— Очень смешно. — Он был прав: смешно не было. Мужчина все еще смотрел на нее, не отводя взгляда, а его голос стал тверже: — Перефразирую. Я верю в чудодейственные свойства вашей крови. Вы — Грерогер, и этим все сказано. Но мне не десять лет от роду, и я также прекрасно понимаю, что у всего есть цена.

Амелия сглотнула.

Опустила глаза.

— Нет цены, — пробормотала тихо.

— Три с лишним миллиона не цена? — последовал язвительный ответ, заставивший ее снова вскинуть голову. Боги, он не просто догадывался о том, зачем ее ему навязали, а знал наверняка — с подробностями и суммами. — Если цена возможного лечения — то, что так страстно мечтает выведать у меня ваш наниматель… — Пауза. — То нет, пожалуй, я откажусь от вашего заманчивого предложения.

Все вдруг стало ясно как день.

— Вы знали, что я встречалась с Гидеоном, — ошарашенно прошептала Амелия.

— Нет, я поверил, что вам так нужны новые тряпки именно в тот самый день! — грубо. К ее досаде, непривычно грубо — на манер того, как он общался с ней в храме в день их венчания.
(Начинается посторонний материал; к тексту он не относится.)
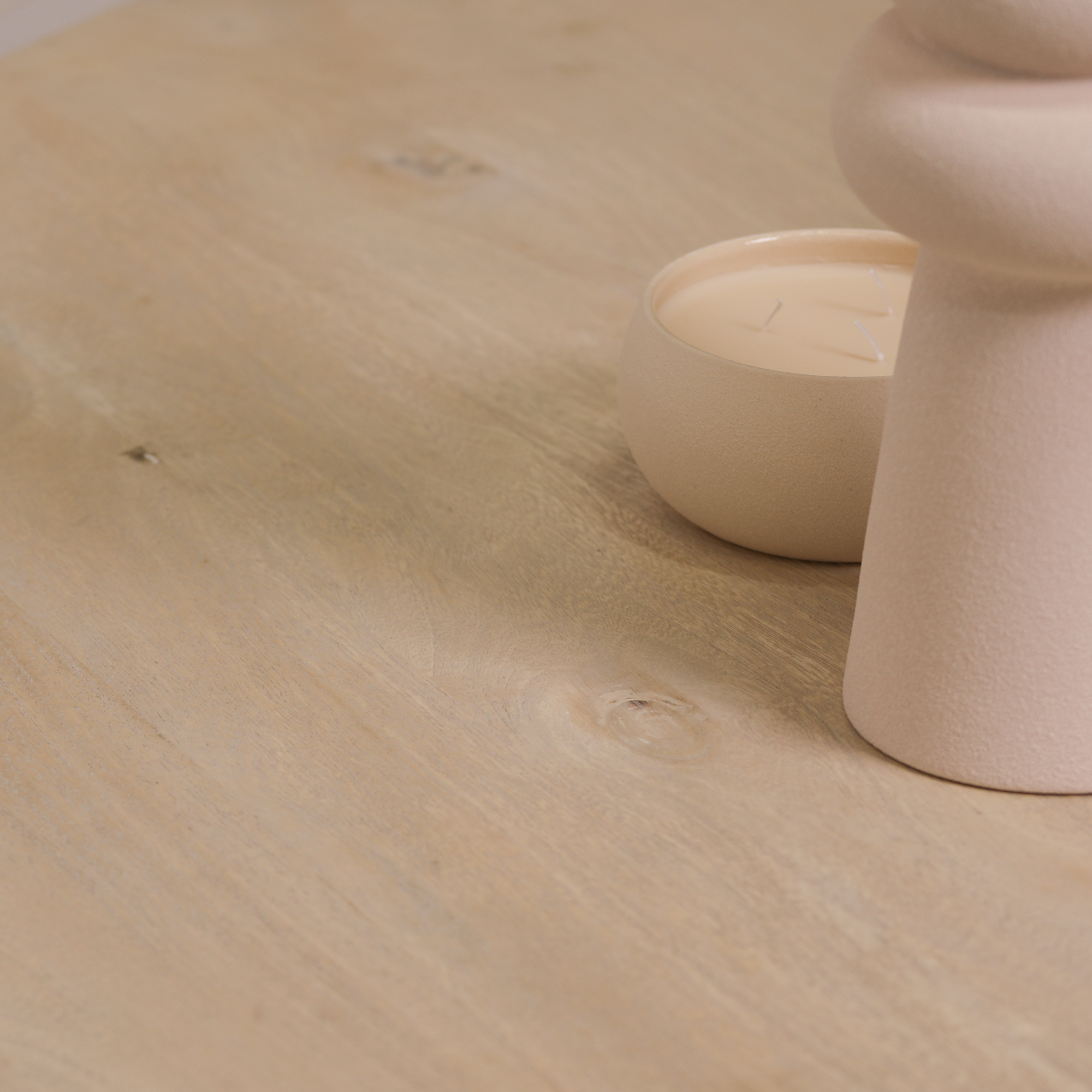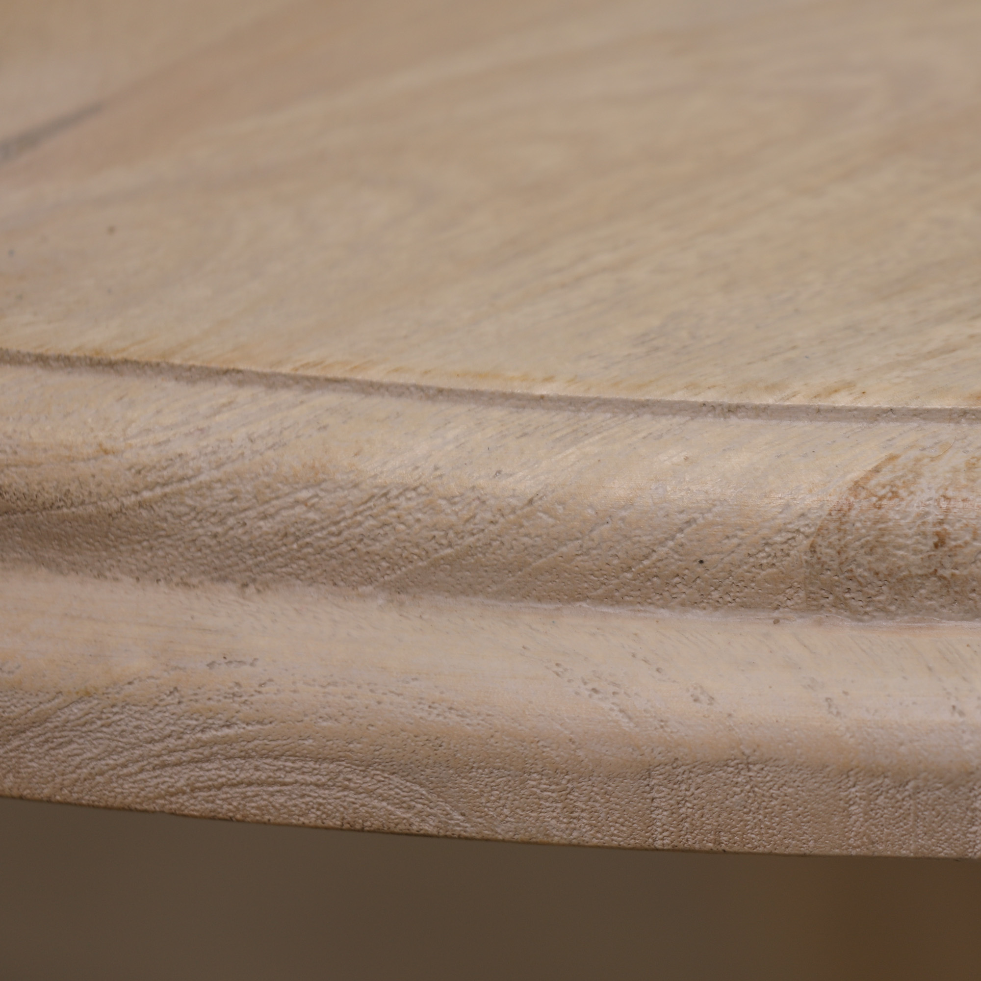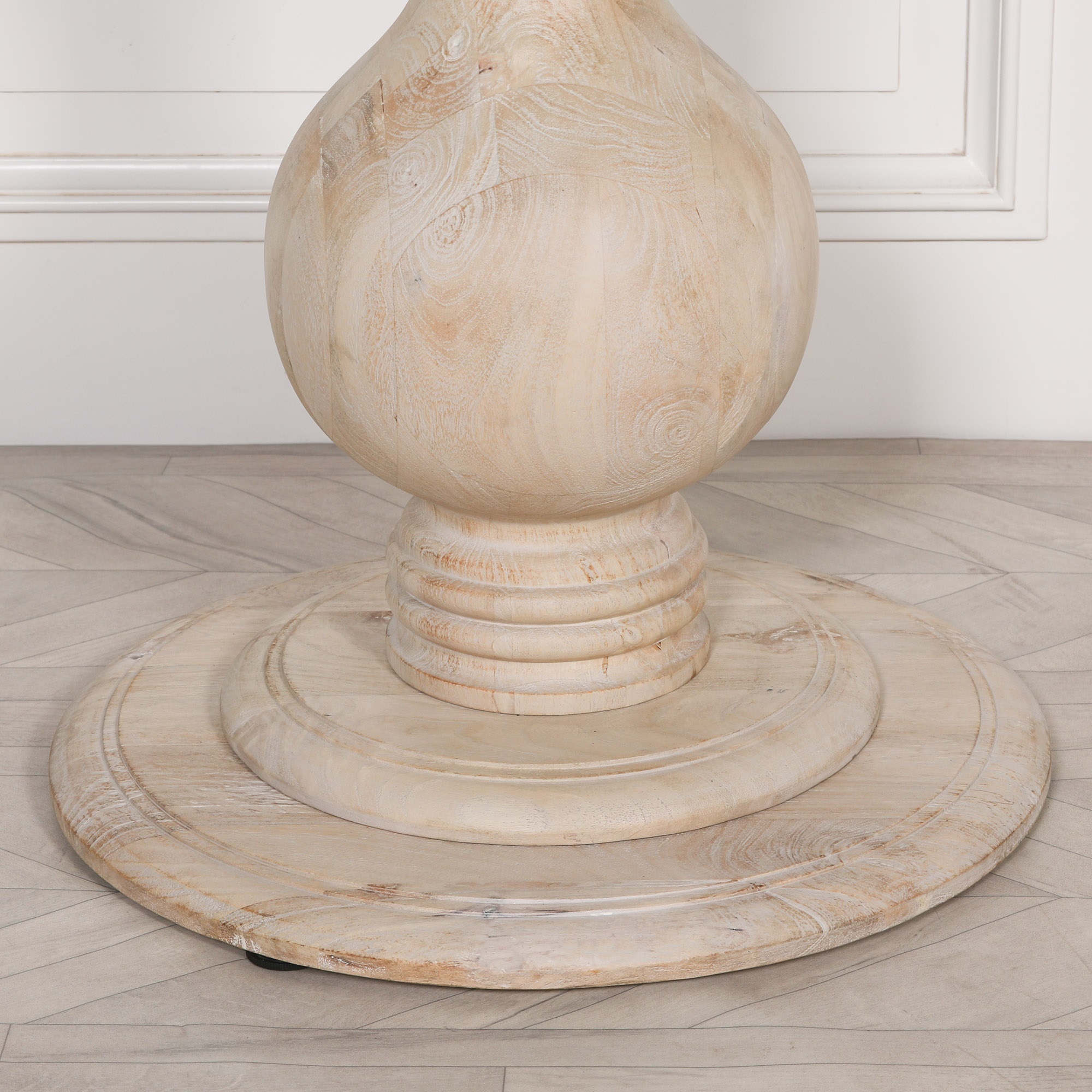 Round 152cm dining table handcrafted from mango in a blanche wood finish with subtle pale grey wash over the wood. The table has a rounded hand-carved detailed columned base.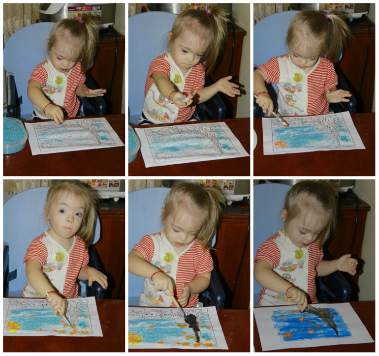 и наше творчество. посыпать синей манкой понравилось. но все это перешло в закапывание листочка. пришлось стряхнуть и дать кисточку. тут Маше понравилось рисовать звездочки. причем она просила читать стихотворение про звездную ночь. прогресс очевиден. она четко попадает в кружки звездочек и раскрасила скалу. может не много я помогла. а вот на втором рисунке я разукрасила фон. а Маша с удовольствие рисовала точки-звездочки. как то с творчеством сейчас не очень.

— Вам признался господин Линч?

Монтегрейн качнул головой.

— Линч работает на тех, кто ему платит. Он знает, что я об этом знаю, а меня устраивает, что он хорошо выполняет свою работу. Оливер следил за домом портного и прекрасно видел того, кто вошел туда через черный ход незадолго до вашего приезда. — Амелия поджала губы. Все было так просто… Монтегрейн насмешливо изогнул бровь. — Что, даже не станете оправдываться?

Все его благодушие исчезло без следа, словно с ней разговаривал кто-то другой, не тот, кто гордо отказывался от помощи, а потом брел к этому озеру, превозмогая боль, но держа себя в руках, чтобы ненароком не опереться на нее слишком сильно. Этот другой человек был опытным интриганом и много раз бывал бит жизнью так, что уже давно не верил людям на слово. И это его Гидеон советовал обмануть дружелюбием и лаской? О да, Монтегрейн прав — это ни капельки не смешно.

Амелия вдруг почувствовала страшную усталость, словно вся тяжесть мира навалилась ей на плечи. Не страх, не волнение, а именно усталость — спокойную, но такую опустошающую.

И раз уж они говорят по-настоящему начистоту…

— Три миллиона двести тысяч, — подтвердила она. — Заложенный дом и горстка серебряных монет, которых хватило бы разве что на еду в ближайшие пару дней. А еще толпа страждущих мой титул женихов, в любой момент способных решиться брать особняк Бриверивзов штурмом. Я могла утопиться или повеситься в тот же день или же согласиться на предложение Гидеона и хотя бы выиграть время. — Она встала, и собеседнику пришлось поднять голову. Мэл больше не пряталась и не отворачивалась — слишком устала: и лгать, и бояться, и держать лицо. — Вы можете считать меня корыстной, лживой — какой угодно. Верите ли, мне все равно. Но вы сами сказали: я — Грерогер, — в повисшей над озером тишине ее голос зазвенел. — И я не могу смотреть на вашу рану и знать, что, возможно, могу помочь, и ничего не делать. Моя бабушка лечила всех — вне зависимости от их политических убеждений. Что бы ни хотел от вас Гидеон, это не мое дело. И у моего предложения действительно нет цены. Будем считать, что вы заплатили новыми тряпками, — Мэл с удовольствием использовала сказанное им же слово, — трехразовым питанием и возможностью посещать библиотеку.

Высказала. Выдохнула. Может теперь вышвырнуть ее из дома, отправить Гидеону посылкой — целой или по частям. Плевать. Она, наконец-то, чуть ли не первые в жизни, сделала свой выбор сама, по законам собственной совести, а не под чьим-то давлением. И готова на любые последствия.